Contudo, do outro lado da barricada ideológica, a miopia não é necessariamente menor. É certo que aqueles que permanecem defensores do “consenso de Washington” têm a seu favor o facto de ser difícil imaginar maiores custos sociais do que aqueles que resultaram da hiper-inflação dos anos 80 (com taxas acima dos 1.000% ao ano) em países como a Argentina, o Brasil, o Peru ou a Bolívia. Contudo, seria um erro sobrestimar os feitos ou subestimar os efeitos perversos daquilo que se que se seguiu, por exemplo, no caso da Bolívia: o esforço mais drástico de liberalização económica em toda a América Latina. Ao contrário daquilo que vão prometendo aqueles que encaram o crescimento económico com um fim em si mesmo, a distribuição dos seus benefícios foi de tal modo assimétrica que, para alguns sectores da população, não existiram de todo. Apesar da pobreza na Bolívia ter, até 2000, diminuído entre a população urbana, ela atinge hoje, exactamente como há vinte anos, mais de 80% da população rural (1). Ao mesmo tempo – e mais importante ainda — a pulverização dos anteriormente poderosos sindicatos, resultado das privatizações, acabou também por desarticular a única base institucionalizada de representação dos interesses das camadas sociais mais desfavorecidas e, logo, por aumentar a margem de manobra de uma das classes políticas mais oligárquicas de toda a América Latina, que repartiu uma grande parte dos benefícios do crescimento na base de um modelo predominantemente neo-patrimonialista. Repetiu-se, assim, uma história já conhecida: a de como, em sociedades com baixos níveis de desenvolvimento económico e institucional, a “receita” da liberalização económica acaba por quebrar as já ténues ligações entre a sociedade e o poder político e por abrir novas oportunidades para o clientelismo. No caso concreto da Bolívia, a proibição da cultura da coca, as fortes tradições de mobilização social do campesinato e a inusitada violência com que o regime lhe foi respondendo trataram do resto.

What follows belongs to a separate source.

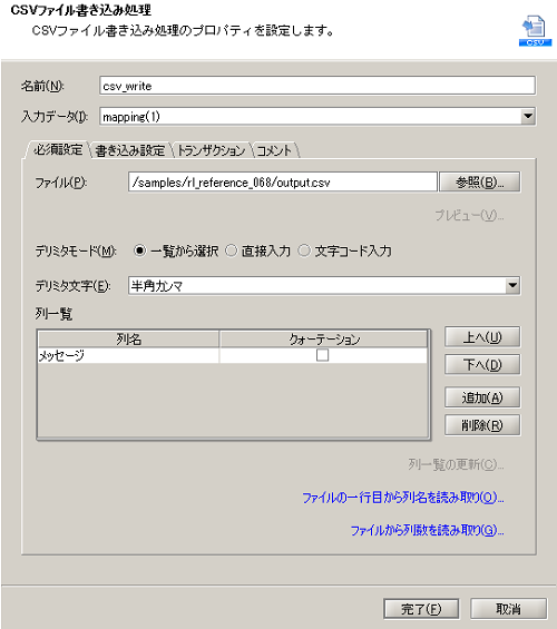 実行結果のイメージについては、サンプルプロジェクトのサンプルデータ「output.csv」を参照してください。

Logo, em vez de perderem tempo a lamentar o “populismo de esquerda” e as suas previsíveis consequências desastrosas, os defensores do defunto “consenso de Washington” fariam talvez melhor em ponderar exactamente como, quando e por quem foram criadas as oportunidades para a emergência de empreendedores políticos que, agora, são capazes de mobilizar na pior direcção o profundo desalento e cinismo político que atinge os cidadãos de vários países da América Latina. E desta vez, é favor evitar a receita do costume.

(1) Em 2002, 42,2% da população da Bolívia vivia com menos de $2,15 por dia a preços de 1993 (PPP). Em Portugal, essa percentagem, em 1994 (o Banco Mundial, a fonte que tenho à mão neste momento, não tem dados posteriores), era de 2%. No Brasil, em 2003, 21,3%. Com esta definição, se todos os milionários que vivem nos Estados Unidos se mudassem para a Bolívia, o "nível de pobreza" da Bolívia não "disparava", mas passava de uns chocantes 42% para uns igualmente chocantes 34%. Há brincadeiras que não têm graça nenhuma.